Social media is playing a vital role in boosting job search. Are you too benefiting from the popular social networking tools that have become a rage these days? Well, not only jobseekers but employers as well are garnering the benefits of social media for finding suitable candidates. Among other social media platforms, Facebook, Twitter and LinkedIn are the three most popular social networking websites that you can use to boost your job searching process. To make the most of these social networking tools, you need to be informed of the strategic ways for networking your way into a job or career of your interest.
Given below are some important tips on how to use social media for maximum benefit in your job search. Have a look.
Let People Know You Are Searching for a Job
It is a good idea to keep people in your network informed that you are looking for a job. It’s even better to let them know what type of job you are looking for. Whether you are using Facebook, Twitter or LinkedIn, tell people that you in search of a job position. If you keep them informed, they will keep you in mind and tell you as soon as a new position opens up. The job information that you get from your contacts can really boost your job search.

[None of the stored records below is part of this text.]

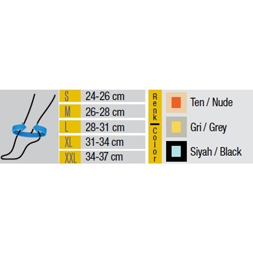 İç yüzeyinde așil tendonu kaplayan silikon pedler sayesinde tendon üzerindeki baskıyı alarak, silikon topuk yükselticisi sayesinde tendonu rahatlatır.
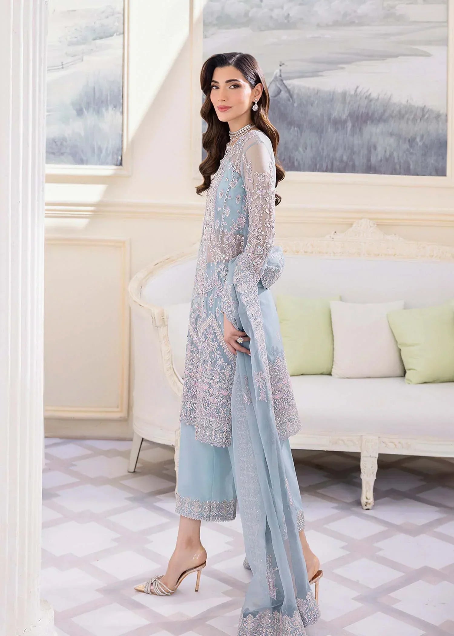 The ice blue mid-length shirt is a vision of elegance, exuding sophistication with its delicate embroidery and shimmering silver embellishments. The intricate patterns and motifs dance across the design, creating a mesmerizing tapestry of beauty that catches the light with every movement. This shirt embodies timeless charm and refined grace, making it the perfect choice for any special occasion. This shirt is paired with the culottes pants, which add a modern flair to the ensemble. The normal bottom silhouette offers both comfort and style, while the tailored fit ensures a flattering look. The pants perfectly balance the feminine elegance of the shirt, creating a harmonious and chic outfit that is both sophisticated and contemporary .Completing the ensemble is with the embroidered dupatta, the dupatta ties the outfit together seamlessly.
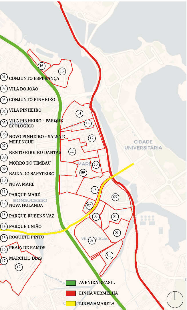 Esta discusión fue adaptada de un trabajo más amplio que involucra un proyecto urbano. Dicho proyecto fue idealizado para el territorio del Complejo de la Maré y sus alrededores, y desarrollado en medio de la pandemia del Coronavirus, lo que afectó directamente algunos análisis, como el diagnóstico territorial, por ejemplo. Por ello, la organización no gubernamental Redes de Desarrollo de la Maré fue imprescindible para el estudio. Sus publicaciones proporcionaron datos más detallados sobre las favelas del barrio, especialmente el Censo Poblacional de la Maré, pero también boletines informativos, testimonios de residentes e historias orales sobre la formación del barrio.

Don’t Be Afraid of Networking with Friends on Facebook
As compared to social media websites like Twitter and LinkedIn, Facebook happens to be more powerful when it comes to connecting with friends, co-workers and colleagues. Friends that know you on Facebook will be more helpful in finding you a job you are looking for or providing you with some valuable job related information. Spend some good networking with friends on Facebook.

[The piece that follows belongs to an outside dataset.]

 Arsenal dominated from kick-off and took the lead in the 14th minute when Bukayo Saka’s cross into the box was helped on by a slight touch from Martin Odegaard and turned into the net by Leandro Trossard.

Make Your Facebook Profile Private
The profile information that you fill out on Facebook is visible to everyone by default. If you don’t want employers to see your personal updates, you can set your profile to private. All you need to do is go to ‘Account’, click Privacy Settings and choose ‘Friends Only’. In this way, only those with who you are friends on Facebook will be able to see your personal updates and profile information.

Search for Information about Hiring Managers
These days almost every large employer is on Facebook, Twitter and LinkedIn. To boost your job hunting, you can first find information about the employers you have targeted. Smart employers will certainly keep their Facebook profile private. However, you can search for the information on other social networking websites and be informed about the new job openings coming up. In addition, you can dig out more valuable details about your targeted employers.

Hyperlink Your Resume
Also remember to add the link to your personal profile on Twitter and LinkedIn. This helps employers to find your contact information if they are willing to get in touch with you. Don’t add a link to your Facebook profile, as it is private available only to your friends. Keeping profile information on Facebook private also shows employers that you are internet savvy. Many employers appreciate this skill.

Create Facebook Lists
Facebook allows users to create multiple lists, according to individual requirements. So you can create separate lists for friends and professional contacts. In this way, your professional contacts will have access to only that information that you want them to see. To create a new list on Facebook, you can go to Account, then Friends and then click Create a New List. Facebook allows you to set your privacy settings according to your requirements. This is a good strategy to be adopted by jobseekers in search of jobs.

Get Found on Google
If you want employers to find relevant information when they Google your name, you need to be active on all the above mentioned social media websites including Facebook, Twitter and LinkedIn. Fill out your profile information on all these sites carefully including the industry-related keywords as well. If you have a completely filled out job profile on these sites, employers will find your profile information in the top Google rankings.

So, if you haven’t yet created your profiles on popular social media sites, go and create the same now. At the same time be active on the networks and spend some good time connecting with your network of friends for maximum job search benefits.